Tool Time Tuesday – Tube Cutting Jigs

Well, it is just before midnight on Tuesday, so if I type quickly enough perhaps I will still squeak this one in before it is Wednesday.

I am finally home and loving it. The weather is pretty typical of Ohio and I do miss the spring time weather we were having in Utah. However, it looks like we will be in the upper 80’s by the weekend. I am having a difficult time getting my internal clock reset to Eastern Time. Hopefully it will happen soon, though next week is spring break for my kids so I am not holding my breath.

This week’s Tool Time Tuesday is one that has been made by special request. This is one of my favorite tools that I quickly found out I cannot live without when I began working with cold connections, particularly tube rivets. The tool is a Tube cutting Jig. There are a number of them out there and I must admit I own a couple. One is a very cheap one, and it is cheap in every sense of the word, but it still works. I also own a mid-line jig. I haven’t had the opportunity to work with any of the higher quality jigs personally, so I can’t really give a comparison here.

Tube cutting jigs are great for holding your tubing or even thick wires so you can cut precisely measured pieces and repeat the cut without having to measure and mark each individual piece. I first learned of the jigs when I began working with cold-connections as I stated above. Are they necessary? Probably not, but for me the cost of the tool was worth it. I had been marking my wire or tubing where I wanted to make the cut, then carefully balanced it over the slot in my bench pin. Just as I would get to the final cut of my piece, it would either fall to the floor or fling across the room never to be found again and leaving me to teach my children a few choice words.

I began asking how others held their pieces and that is when the jigs were recommended to me. I began my hunt for this tool, found one, bought it and life became much easier.

Tube_Cutting_Jig

When you first get your jig, it looks like this, only without the silver dust inside.  There are two pieces shown here, the jig itself and a stopper. I didn’t get a picture of this, but the stopper actually has a little triangle piece that fits into the ‘V’ shaped grove of the jig.

005

Insert the stopper and tighten the knob on the side to hold it into place. This is what allows you to set the desired length and make multiple cuts without remeasuring.

006

To work with the jig, insert your wire or tubing into the ‘V’ Slot and hold it into place by bringing the holding bar over the top of the tubing and holding it down with your thumb. If this jig looks large, it really isn’t. The cute little hand in the picture is my sweet little 10-year-old. But if she can hold this tool, so can you.

2019

Before inserting your tubing or wire into the jig, you do need to measure and mark your first cut. Line that mark up with the thin slot at the end of the jig. This is the guide for your saw blade. Once you have it lined up, adjust and tighten the stopper to hold your piece. You can also see how the holder flips over the top of the tubing and is held with the thumb. Don’t use too much pressure as you don’t want to crush your tubing.

2018

I find this tool works best when I can stabilize it on some type of surface. I have found that my bench pin works the best as I can easily get my hand on the tool and under the bench pin without any discomfort.

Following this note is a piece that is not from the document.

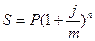 S – наращенная сумма; P – первоначальная сумма; j – номинальная годовая ставка, %; m – число раз начисления процентов в год; n – количество периодов наращения.
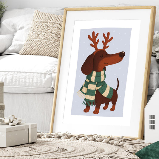 Christmas Dog Wall Art Sausage Dog with Reindeer Antlers Dog Lover Festive Xmas Print Dachshund Christmas Poster Seasonal Home Decor

Once everything is set up, we are ready to make the cut. I always run my saw blades through some kind of lubricant such as bees wax or Bur-Life before cutting. Insert the blade in the small slot and verify it will be cutting at your desired mark. Then working back and forth without a lot of pressure work your way through the tubing or wire. When cutting tubing, you might find that the blade gets caught . Just try to push the blade forward as you lift up. Don’t just lift the blade up as you are more likely to break the blade. I also find that while it takes a bit longer, a smaller blade works better with cutting the tubing.

2021
I have also found that once my tubing has been cut I don’t always end up with a perfectly straight cut. For whatever reason, that has not been able to be corrected yet, I am ending up with slighted angled cuts. Sometimes it isn’t an issue, but when I need a perfectly flush cut I will take the piece into my miter jig and file it flush, but that is for another Tool Time Tuesday post.

Be careful as you get to the bottom of the tubing cut. Sometimes when you make the final break through and pull the blade up, the small piece can go flying. A lot of times I will turn the tubing out before pulling out my blade.

Hopefully this answers any questions you might have about this tool. If I haven’t answered them all, please feel free to contact me and I will do my best to further elaborate.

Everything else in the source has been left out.